What is required |
Extract, exactly and without pictures, every line from the one that includes "This paper proposes" through the final line of the material below.

Recorded data |

┄┄┄┄┄┄┄┄┄┄┄┄┄┄┄┄┄┄┄┄

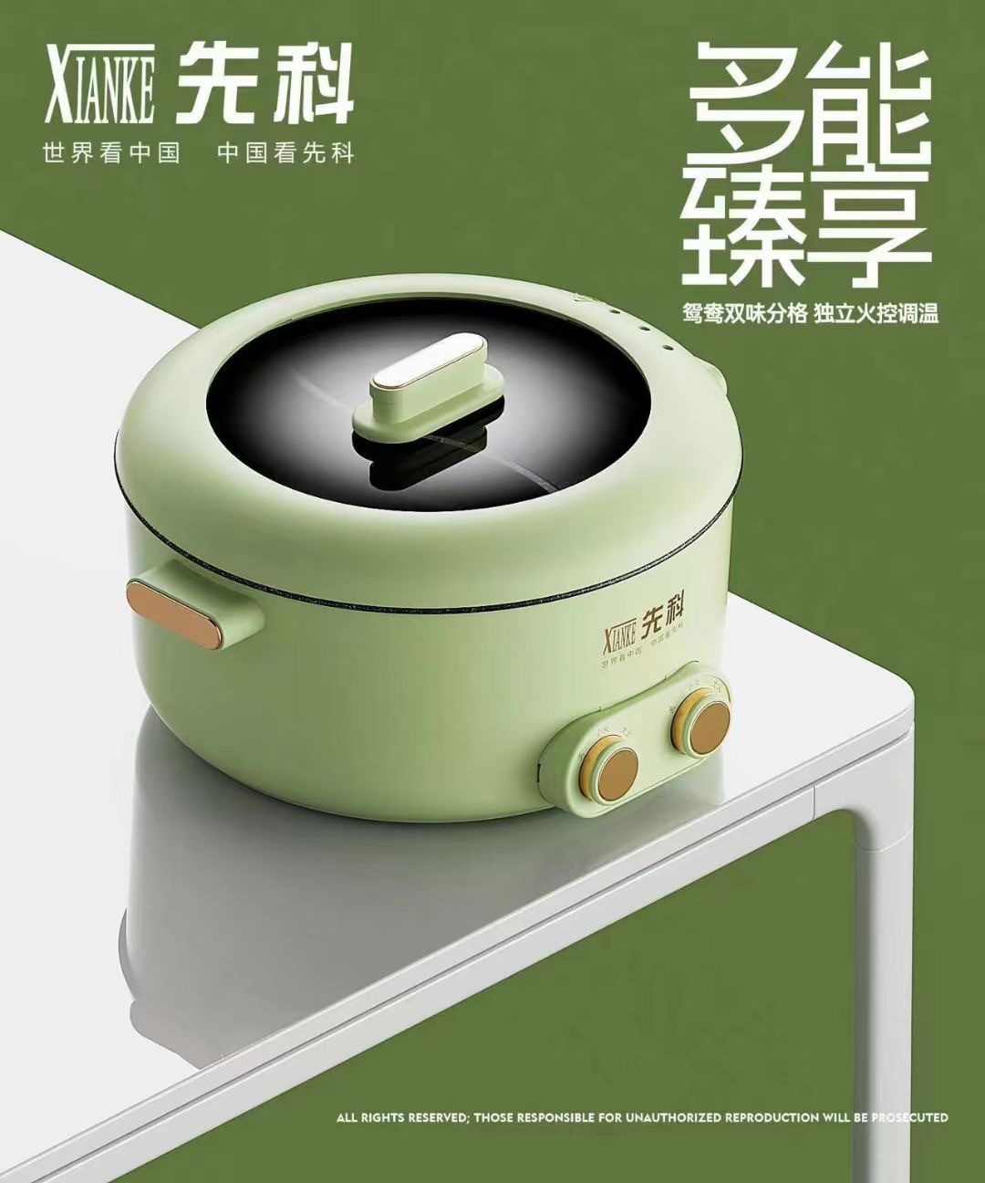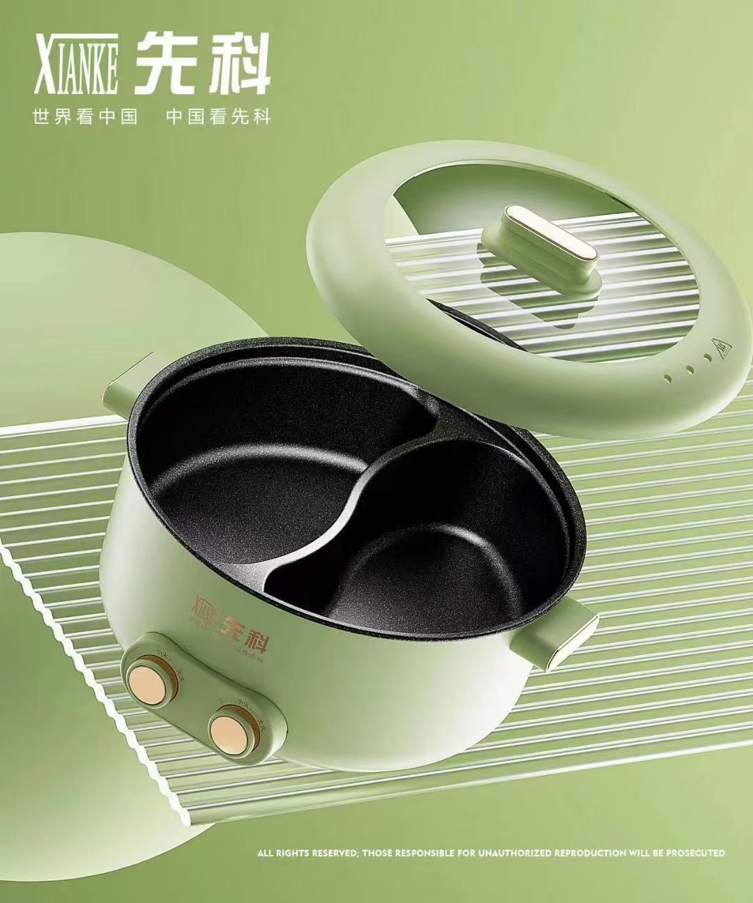 先科家用鸳鸯火锅大功率电火锅电热锅多功能不粘锅韩式煎烤锅礼品
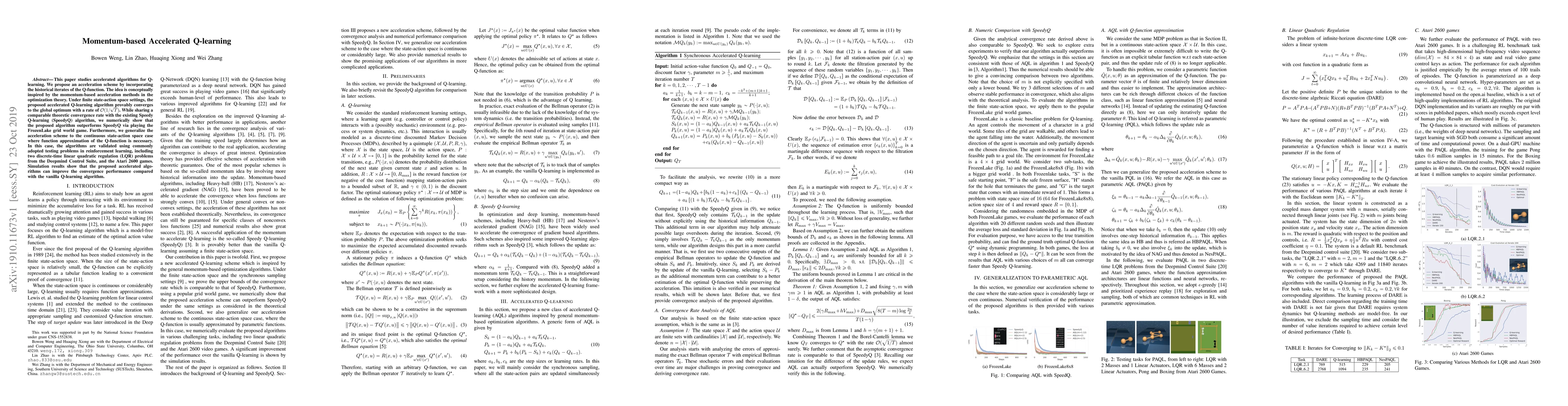 This paper proposes a momentum-based accelerated Q-learning algorithm that leverages historical iterates to converge faster, outperforming existing methods like SpeedyQ in both finite and continuous state-action spaces, as demonstrated through various reinforcement learning tasks.
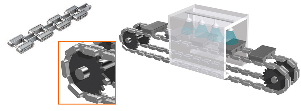 雙節距鏈條用於升降托盤架,各種MD齒輪箱用於驅動它們。

┄┄┄┄┄┄┄┄┄┄┄┄┄┄┄┄┄┄┄┄

Task output |
 This paper proposes a momentum-based accelerated Q-learning algorithm that leverages historical iterates to converge faster, outperforming existing methods like SpeedyQ in both finite and continuous state-action spaces, as demonstrated through various reinforcement learning tasks.
 雙節距鏈條用於升降托盤架,各種MD齒輪箱用於驅動它們。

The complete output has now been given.